[Information Boundary: Start]

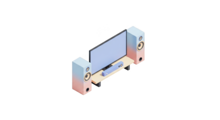 Modern wooden tv stand with storage compartments and sleek soundbar on top, perfect for home entertainment systems on transparent background. on transparent background
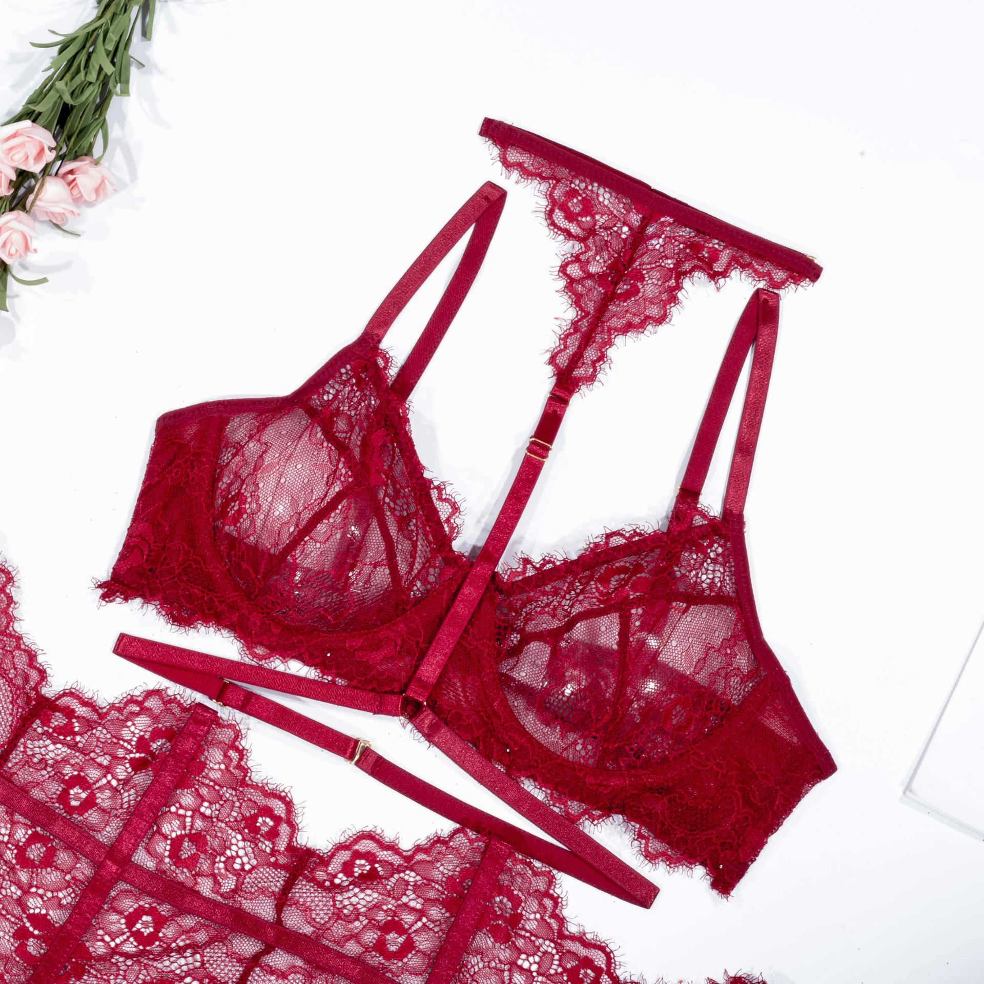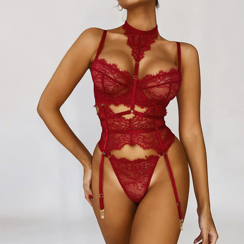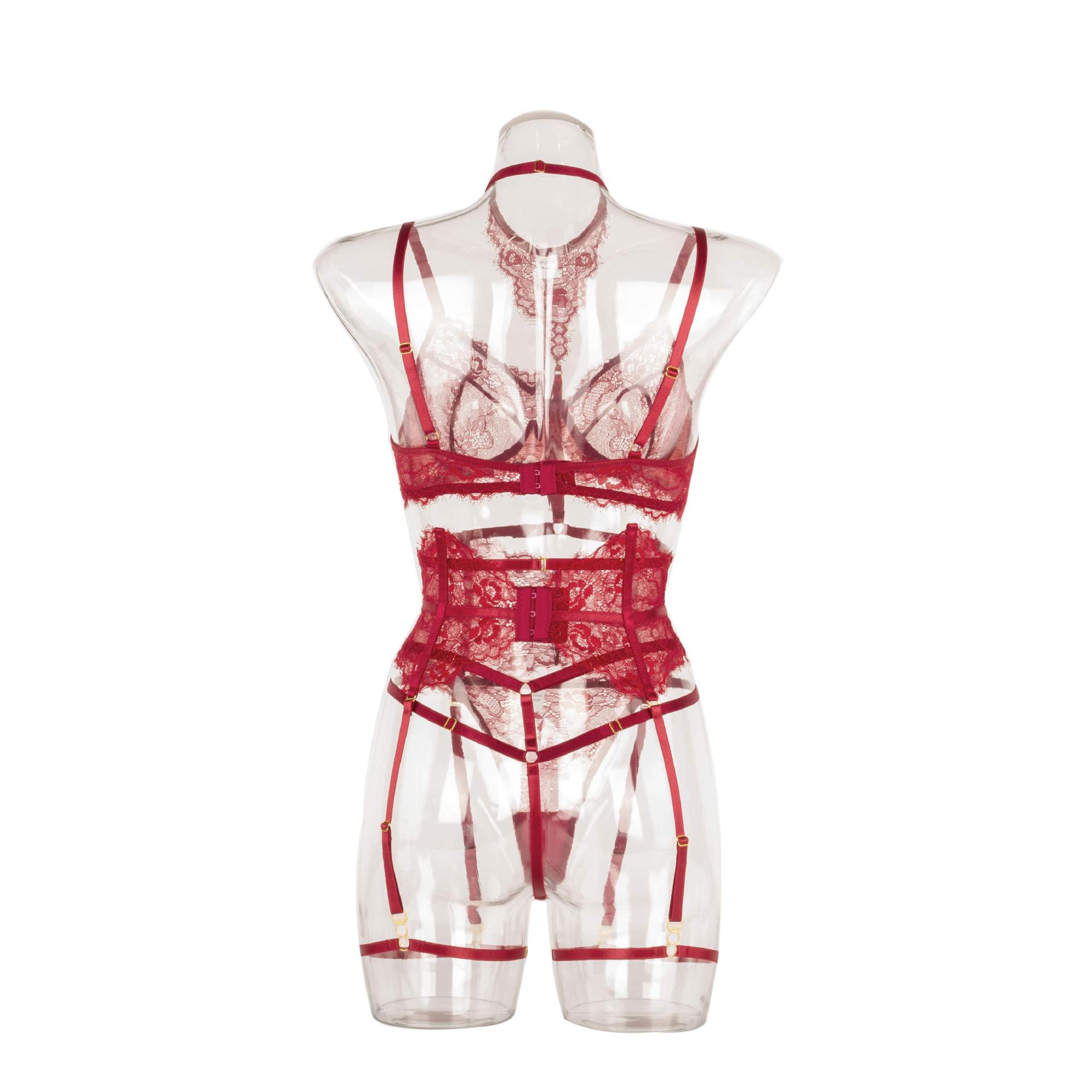 LSFA110GJP1021 性感內衣睫毛蕾絲膠骨吊襪帶8色塑身五件套
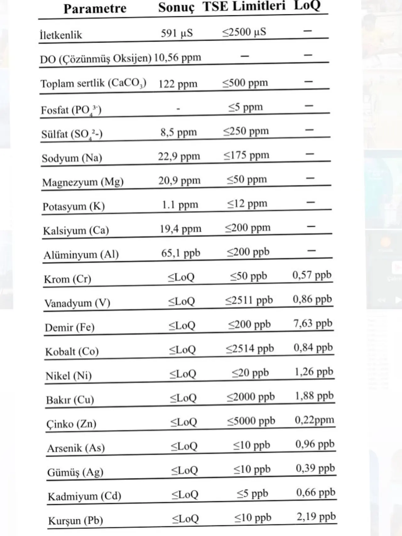Özellikle Çözünmüş Oksijen (DO) oranının 10,56 ppm olması, suyun canlılığını ve tazeliğini ispatlıyor. En kritik veri ise ağır metaller kısmında geldi; suyun içinde Arsenik, Kurşun, Kadmiyum ve Nikel gibi sağlığa zararlı elementler tespit edilemedi.
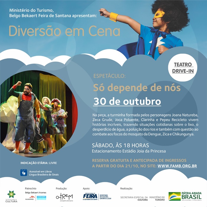 Este projeto genuinamente feirense, de ações continuadas, promove apresentações teatrais para crianças e públicos de todas as idades, valorizando artistas e a cultura local. Criado em 2005 por Henrique Motté (1963-2019) e Elizete Destéffani-Motté, o Domingo Tem Teatro construiu uma forte relação de afeto com seu público, promovendo diversão, formação cultural e a construção do pensamento crítico e respeito às diferenças. São 20 anos de dedicação às artes cênicas, voltadas às infâncias e juventudes. Para essa temporada o Projeto conta com o patrocínio do Atacadão São Roque, Pererê Peças e Governo do Estado, através do Fazcultura, Secretaria de Cultura e Secretaria da Fazenda.
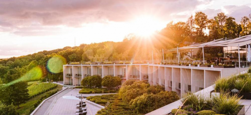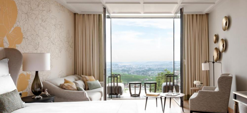 Champagne Junior Suite (50 кв. м) – номера с террасой перед садиком, позволяют разместить 2 взрослых и 1 ребенка. Зона отдыха с креслом и софой. Нижний этаж. Вид на сад и винные поля вдалеке. Кровать king-size или две одноместные кровати.

[Information Boundary: End]

▶ **Description of the task**:
All lines from the beginning of the entries above to the line containing "Özellikle Çözünmüş Oksijen", inclusive, should be printed exactly, apart from the pictures.

▶ **Result for this exercise**:
 Modern wooden tv stand with storage compartments and sleek soundbar on top, perfect for home entertainment systems on transparent background. on transparent background
 LSFA110GJP1021 性感內衣睫毛蕾絲膠骨吊襪帶8色塑身五件套
Özellikle Çözünmüş Oksijen (DO) oranının 10,56 ppm olması, suyun canlılığını ve tazeliğini ispatlıyor. En kritik veri ise ağır metaller kısmında geldi; suyun içinde Arsenik, Kurşun, Kadmiyum ve Nikel gibi sağlığa zararlı elementler tespit edilemedi.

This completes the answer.